L’Agence internationale de l’énergie atomique (AIEA) et le groupe OCP ont lancé un partenariat stratégique d’une durée de cinq ans, visant à accélérer l’innovation scientifique dans le domaine de l’agriculture durable et à construire des systèmes alimentaires plus résilients. Ce projet s’inscrit dans le cadre du soutien à l’initiative « Atomes pour l’alimentation » (Atoms4Food) et à la promotion des efforts internationaux en faveur de la sécurité alimentaire mondiale.
Conformément à cet accord, les deux parties vont commencer à mettre en œuvre un projet de recherche coordonné, basé sur l’utilisation de techniques nucléaires et d’isotopes pour améliorer l’efficacité de l’utilisation des engrais, augmenter la valeur nutritive des cultures et renforcer la durabilité des systèmes alimentaires.
Le projet vise à produire des résultats pratiques applicables concrètement, apportant des bénéfices directs aux agriculteurs, notamment dans les zones confrontées à des défis sévères en matière de sécurité alimentaire.
Dans ce contexte, Rafael Mariano Grossi, directeur général de l’AIEA, a souligné que ce partenariat constitue un avancement important dans l’optimisation de l’impact de l’initiative « Atomes pour l’alimentation » grâce à une coopération stratégique. Il a précisé que la combinaison de l’expertise de terrain du groupe OCP et des connaissances spécialisées de l’agence en matière de techniques nucléaires permettra de transformer les connaissances scientifiques avancées en solutions pratiques pour les agriculteurs. Il a ajouté que cette collaboration contribuera à fournir des données scientifiques et les outils nécessaires pour une utilisation optimale des engrais, la culture de plantes de valeur nutritive plus élevée, et la mise en place de systèmes alimentaires flexibles et adaptables aux changements climatiques, en particulier dans les régions les plus vulnérables.
Le projet de recherche se concentre sur l’amélioration de la gestion des nutriments majeurs, tels que l’azote et le phosphore, ainsi que des éléments nutritifs critiques, y compris le zinc, le fer et le sélénium. Grâce à l’utilisation de techniques isotopiques, des données scientifiques précises et fiables seront produites pour soutenir les principes des « quatre piliers » de la gestion responsable des nutriments, à savoir le choix de la bonne source, à la bonne dose, au bon moment et au bon endroit, fournissant aux agriculteurs des conseils pratiques basés sur des bases scientifiques solides.
De son côté, Mariem Al-Asrawi, directrice exécutive des affaires mondiales du groupe OCP, a déclaré que cette collaboration constitue une étape stratégique majeure dans le parcours du groupe et un pas essentiel vers l’amélioration de la sécurité alimentaire mondiale.
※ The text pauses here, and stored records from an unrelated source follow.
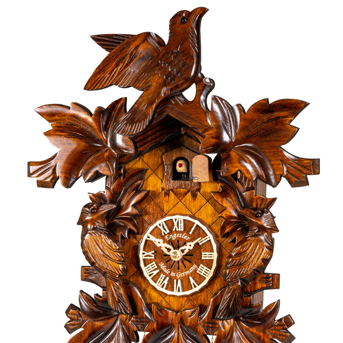 This traditional Black Forest cuckoo clock captivates with its beautifully carved three-bird design, blending a love for nature with exquisite craftsmanship. The detailed woodcarving features three birds and lush maple leaves, giving the case an elegant and classic charm.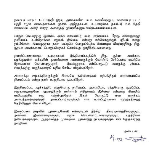 - இயக்குநராக என்பொருட்டு சூர்யாவுக்கு ஏற்பட்ட சிரமத்திற்கு வருத்தத்தைப் பதிவு செய்ய விரும்புகிறேன். ” எனக் குறிப்பிட்டிருக்கிறார்.
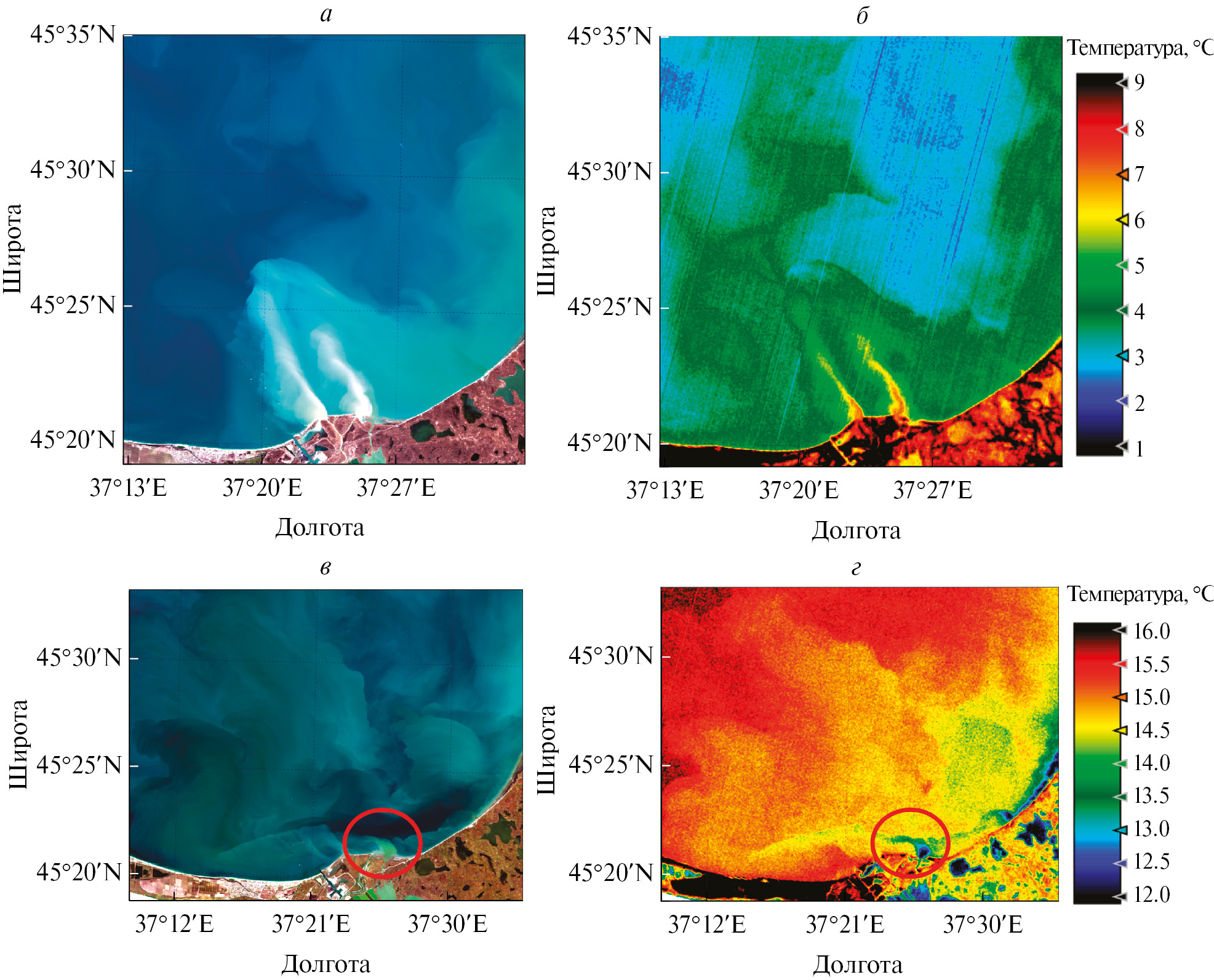 Рис. 5. Проявление плюма Кубани по данным Landsat 8. а – RGB-композит в натуральных цветах от 28.02.2017 г.; б – поле температуры поверхностного слоя моря от 28.02.2017 г.; в – RGB-композит в натуральных цветах от 19.10.2023 г.; г – поле температуры поверхностного слоя моря от 19.10.2023 г.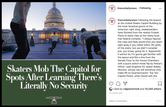 While typically protests have been a prime opportunity for skateboarders to get out and access parts of the city normally off bounds. It now seems that the priority to skate is fused with the desire to protest. The satirical ‘thenutdailynews’ aptly makes jest of this point.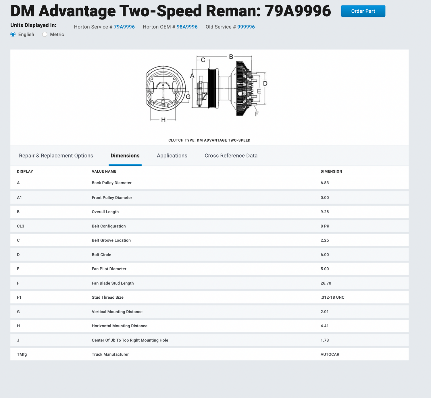 Cummins ISL9 Horton Fan Clutch P/N 98A9996, Pulley P/N 601536, Base P/N 601921 is backordered and will ship as soon as it is back in stock.

Elle a affirmé que l’intégration de l’expertise mondiale de l’AIEA avec l’expérience approfondie et les innovations de pointe du groupe OCP dans le domaine de la nutrition des plantes et des sols contribuera à produire des connaissances transformatrices et à soutenir les chercheurs et les agriculteurs sur le terrain, en développant des pratiques agricoles qui garantissent une productivité plus élevée et une meilleure qualité nutritionnelle tout en assurant la durabilité environnementale à long terme.
Cette collaboration devrait aboutir à la production de données de haute qualité qui contribueront à soutenir les politiques publiques, à orienter l’innovation en matière d’engrais et à accélérer la transition vers une agriculture positive pour le climat et la nature. Elle renforcera également la coopération scientifique entre l’Afrique, l’AIEA et les réseaux de recherche mondiaux, aidant les pays à adopter les meilleures pratiques de gestion des nutriments, à améliorer la santé des sols et à augmenter la productivité agricole à grande échelle, ce qui aura un impact positif sur la sécurité alimentaire mondiale.
L’AIEA, en tant que principal forum gouvernemental international pour la coopération scientifique et technique dans les applications pacifiques de la technologie nucléaire depuis sa création en 1957 sous l’égide des Nations Unies, continue d’œuvrer pour maximiser la contribution de la technologie nucléaire au service des sociétés.
Dans ce cadre, l’initiative « Atomes pour l’alimentation », lancée en partenariat avec l’Organisation des Nations Unies pour l’alimentation et l’agriculture (FAO) en 2023, constitue un mécanisme pratique pour aider les pays à renforcer leur sécurité alimentaire et à lutter contre la faim croissante, en fournissant des solutions innovantes adaptées aux besoins de chaque pays, basées sur l’exploitation des technologies nucléaires ainsi que d’autres techniques avancées pour améliorer la production agricole et animale, gérer les ressources naturelles, réduire le gaspillage alimentaire, garantir la sécurité alimentaire, améliorer la nutrition et s’adapter aux défis posés par le changement climatique.